Animada com o potencial deste mercado, a L’Oréal Brasil, responsável por perfumes e maquiagem de marcas como Yves Saint Laurent e Giorgio Armani, investiu nas vendas on-line e viu aumentar em 30% o número de consumidores cadastrados. Em volume, o acumulado até outubro de 2020 já ultrapassava os números de 2019, apesar dos três meses de lojas físicas fechadas. “Para atrair a clientela, oferecemos vantagens como atendimento em português e um pós-compra descomplicado”, diz Roberta Sant’Anna, diretora da divisão de luxo da empresa. Além de vendas em seu próprio site, a L’Óreal também faz uso dos chamados market places — sites em que vários lojistas vendem seus produtos e o cliente paga tudo junto, em um único carrinho. Dessa forma, é possível encontrar na Americanas.com, por exemplo, perfumes da Prada, óculos de Dior e Dolce&Gabbana e, no caso da americana Ralph Lauren, até algumas peças de vestuário. “Parte da atração dessas marcas está no fato de serem inalcançáveis para a maioria. Mas, quando a aura de exclusividade resulta em vendas raquíticas, as empresas não sobrevivem”, explica André Cauduro D’Angelo, autor do livro Precisar, Não Precisa: um Olhar sobre o Consumo de Luxo no Brasil.

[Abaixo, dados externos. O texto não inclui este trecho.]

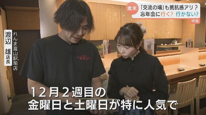 「12月2週目の金曜日と土曜日が特に人気で、問い合わせもたくさんいただいています。いつもだったら仕事納めくらいの時期に忘年会とかも多かったりするんですけど、今年は1週目・2週目の問い合わせが多くて例年より少し早い時期に忘年会をやるのかなっていうイメージもあるんですけど」
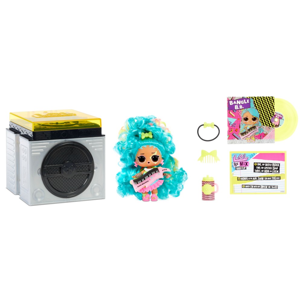 Product Name: L. O. L. Surprise Remix Hairflip Tots Overview: Unleash the excitement of music and surprises with the L. O. L. Surprise Remix Hairflip Tots! This collection brings together the fun of unboxing with the thrill of music, offering a unique play experience for fans of all ages. Description: The L. O. L. Surprise Remix Hairflip Tots features an array of surprises and interactive elements: 15 Surprises to Unbox: Each doll comes packed with 15 surprises, including a special Hair Flip surprise that reveals a new hair color or texture. Hair Flip Surprise: Unbox the doll’s hair from its fierce style to unveil a fun surprise! Will you discover a vibrant new color or a different texture? New Music Genre Characters: Meet all-new characters, each inspired by popular music genres such as Pop, R&B, Hip Hop, Country, and Rock. Each doll is equipped with music-themed accessories and styles. Unbox Our Song: The packaging plays music! Unbox the collectible mini record to hear a part of a surprise song directly from the record player packaging. Collect multiple records to complete the song. Build a Boombox: Combine your packaging from one L. O. L. Surprise Remix Pets package and two Hair Flip Tots packages to create a fun boombox for your dolls to enjoy. Complete the Lyrics: Each package includes a lyrics sticker that matches a number on the lyric sheet. Collect all lyric sheets from the Remix line to reveal the complete song, or mix and match to create your own unique remix. Color Change Surprise: Give your doll a fun bath to reveal a color change surprise! Just be careful not to get their hair wet! Specifications: Includes: 15 surprises including a Song Lyrics Sticker, Record Sleeve, Record, Record Player Package, music accessories, hair clips, a bottle, outfit, shoes, comb, Hair Flip Surprise, and L. O. L. Surprise Remix Hair Flip Tots doll. Collectible: Collect all 12 L. O. L. Surprise Remix Hair Flip Tots for the ultimate music-themed experience! Note: Item selection is random and comes in blind packaging; specific items cannot be requested, and duplicates may occur. Get ready to rock and roll with the L. O. L. Surprise Remix Hairflip Tots—where every unboxing is a musical surprise!
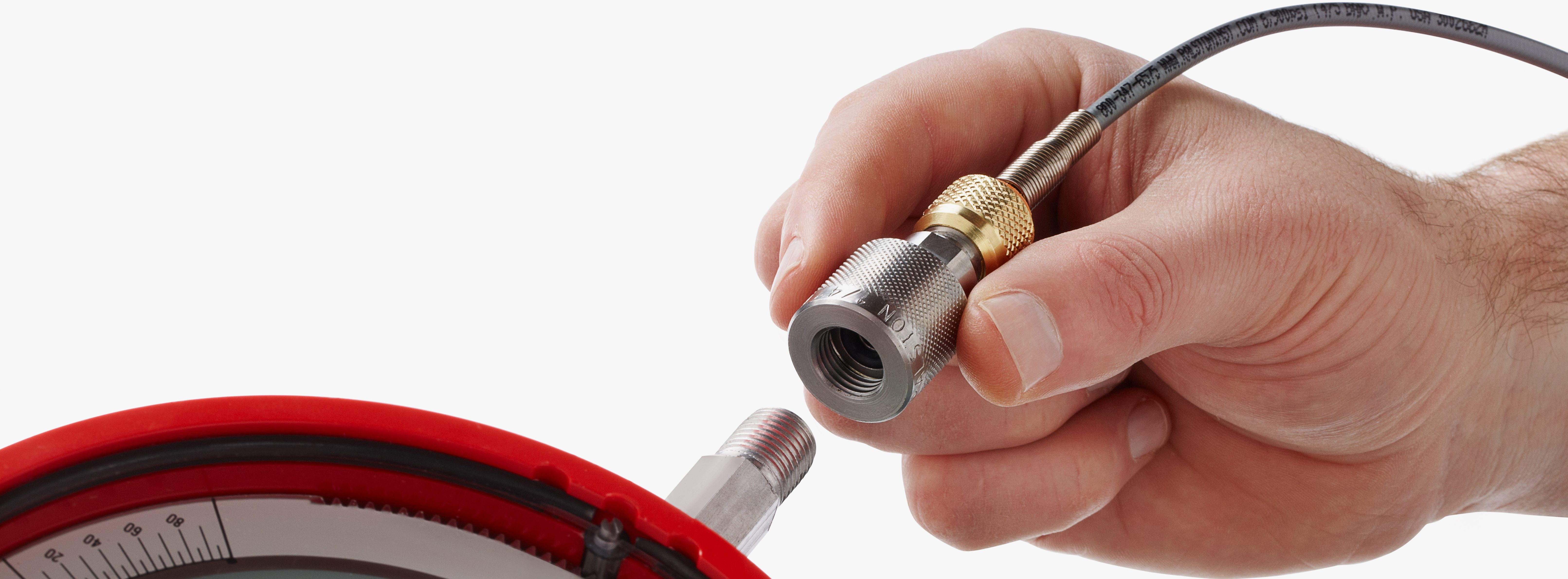 Low volume, quick connect high pressure hoses for pressure testing, calibration, and leak testing.
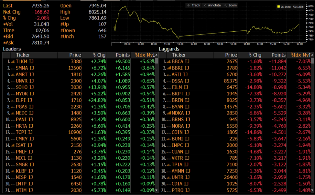 IHSG ditutup melemah 2.08% ke level 7,935 pada perdagangan Jumat (06/02). Indeks solid bergerak di zona merah hingga akhir perdagangan. Pelemahan IHSG dibebani oleh saham BBCA, BBRI, dan ASII.
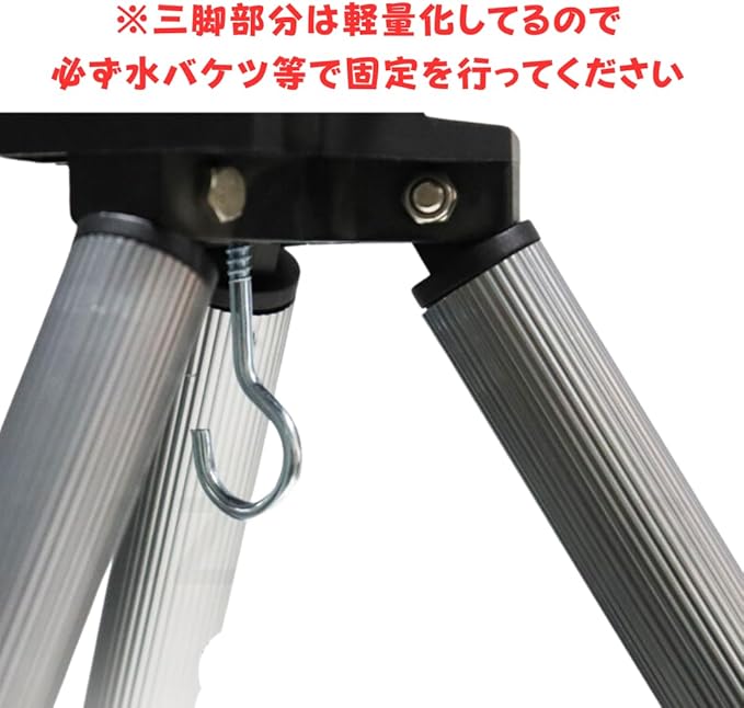 ※三脚は安定させるために必ず水の入ったバケツ等のオモリを吊り下げてご使用ください
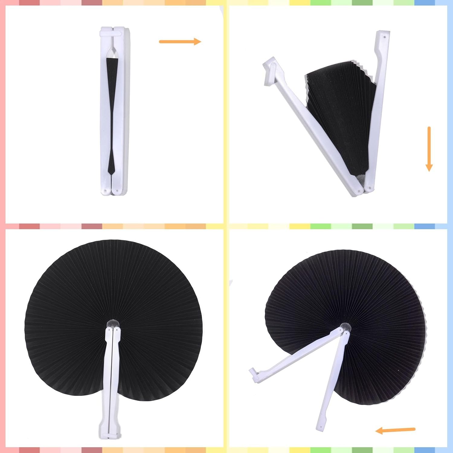 12 Packs Decorative Paper Folding Hand Fans Handheld,Black Round Foldable Wedding Fans Chinese and Japanese Fans Bulk for Bridal Guest Church Party Favors Dancing Birthday DIY

Shopping centers conhecidos pela quantidade de grifes luxuosas em seus corredores, como o Iguatemi e o Cidade Jardim, em São Paulo, também se abriram com alarde ao comércio via internet, possibilitando a compra online de vestidos, bolsas e calçados de marcas inacessíveis ao comum mortal, como Missoni, Christian Louboutin e Gucci. Do lado da clientela, aqueles que se aventuraram no luxo on-line perceberam que, com o real desvalorizado, comprar no exterior deixou de ser tão bom negócio, mesmo levando em conta os altíssimos impostos locais. “Atualmente, só o que compensa nas viagens para consumir é a experiência da recepção, da hospitalidade”, afirma Catarina Sampaio, que trabalha com hotelaria e pesquisa este mercado. “Somando todos os fatores que impactam o preço final, é provável que, mesmo depois da crise, parte desse consumo continue no Brasil”, concorda Carlos Ferreirinha, presidente da consultoria MCF. Sem falar na maior de todas as vantagens de comprar artigos de luxo no país, só agora descoberta por muitas turistas do consumo: o inefável prazer de parcelar. A estudante Pietra Lins, 22 anos, de Niterói, virou entusiasta do recurso tipicamente brasileiro: “A economia de comprar fora era absurda, mas agora já não vale tanto a pena e ainda perco a opção de pagar em várias vezes”. Como se vê, a pandemia, que mudou tudo no planeta, está deixando sua marca no até então inabalável mundo das marcas caríssimas.